One reaction to the contrast between Mies and Gaudí is to choose sides based on a conviction concerning what all art should be like. If all art should be simple or if all art should be complex, the choice is clear. However, both of these norms seem absurd. Isn’t it obvious that some estimable art is simple and some is complex? True, there might be extremes that are beyond the pale; we are alienated by art that is far too complex and bored by art that is far too simple. However, between these two extremes there is a vast space of possibilities. Different artists have had different goals. Artists are not in the business of trying to discover the uniquely correct degree of complexity that all artworks should have. There is no such timeless ideal.

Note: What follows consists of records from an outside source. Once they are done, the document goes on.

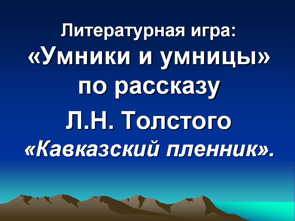 Литературная игра: «Умники и умницы» по рассказу Л.Н. Толстого «Кавказский пленник». 5 класс
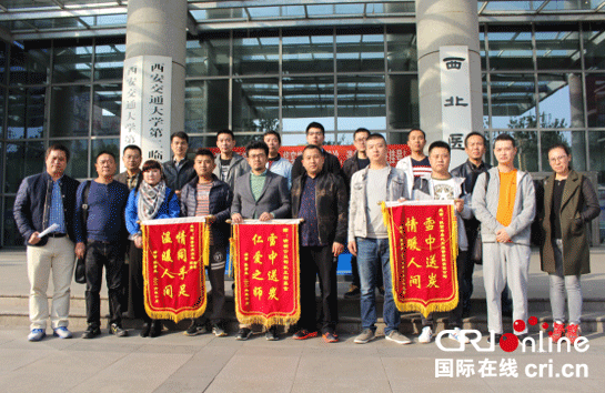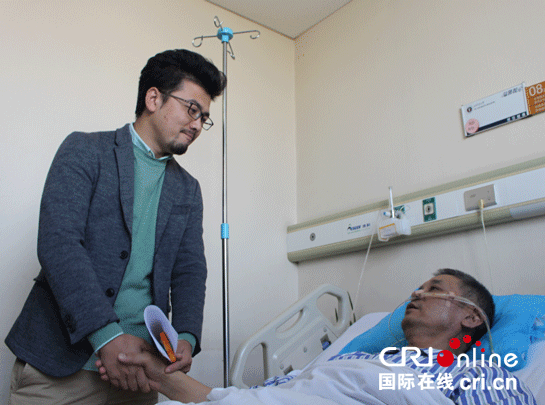 当张贵生见到这一群爱心人士的时候,他激动的伸手与大家握手,虽然躺在病床上很不方便,但不难看出他此时的心情是好的。随后,爱心代表将募捐的名单和现金递交给张贵生的儿子,希望这分爱心能帮助张贵生重获新生。张贵生已经泪眼婆娑,嘴唇开始抖动,一副欲言又止的样子,一直重复着“谢谢”二字。张贵生的儿子也连连道谢,并为前来的爱心公司代表送上三面“雪中送炭 情暖人间”、“雪中送炭 仁爱之师”、“情同手足 温暖人间”字样的锦旗。
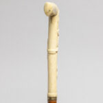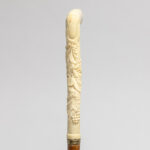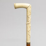 19th Cent. European cane for ladies with a total height of 90,5 cm and ‘L’-shaped grip in ivory with reliefs of leaves and berries, attached with a ring in metal
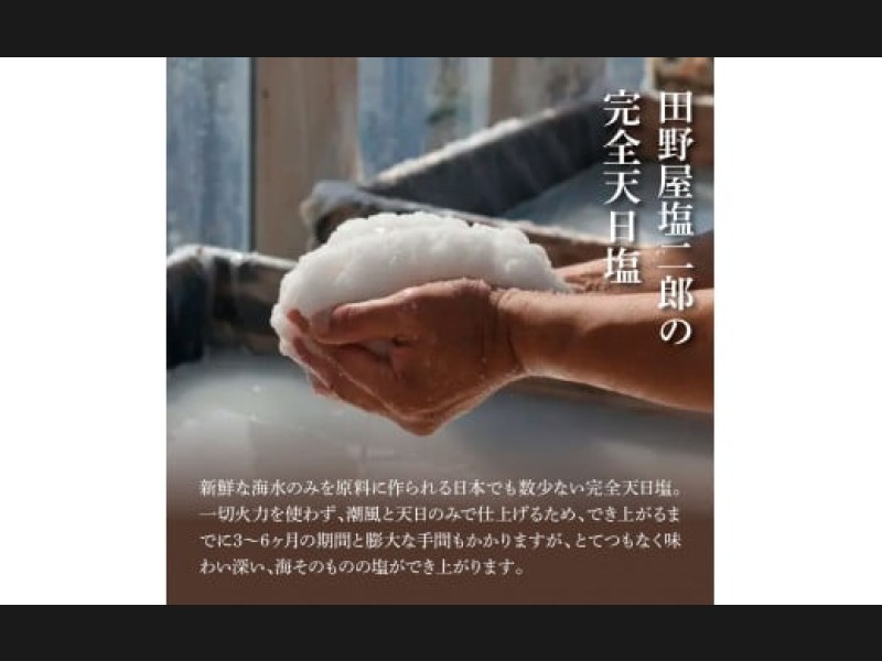 雄大な太平洋に面した高知県田野町で、新鮮な海水のみを原料に作られる日本でも数少ない完全天日塩「田野屋塩二郎」。

Science is different, at least according to many scientists. Albert Einstein spoke for many when he said that ‘it can scarcely be denied that the supreme goal of all theory is to make the irreducible basic elements as simple and as few as possible without having to surrender the adequate representation of a single datum of experience’. The search for simple theories, then, is a requirement of the scientific enterprise. When theories get too complex, scientists reach for Ockham’s Razor, the principle of parsimony, to do the trimming. This principle says that a theory that postulates fewer entities, processes or causes is better than a theory that postulates more, so long as the simpler theory is compatible with what we observe. But what does ‘better’ mean? It is obvious that simple theories can be beautiful and easy to understand, remember and test. The hard problem is to explain why the fact that one theory is simpler than another tells you anything about the way the world is.
One of the most famous scientific endorsements of Ockham’s Razor can be found in Isaac Newton’s Mathematical Principles of Natural Philosophy (1687), where he states four ‘Rules of Reasoning’. Here are the first two:
Rule I. No more causes of natural things should be admitted than are both true and sufficient to explain their phenomena. As the philosophers say: nature does nothing in vain, and more causes are in vain when fewer suffice. For nature is simple and does not indulge in the luxury of superfluous causes.
Rule II. Therefore, the causes assigned to natural effects of the same kind must be, so far as possible, the same. Examples are the cause of respiration in man and beast, or of the falling of stones in Europe and America, or of the light of a kitchen fire and the Sun, or of the reflection of light on our Earth and the planets.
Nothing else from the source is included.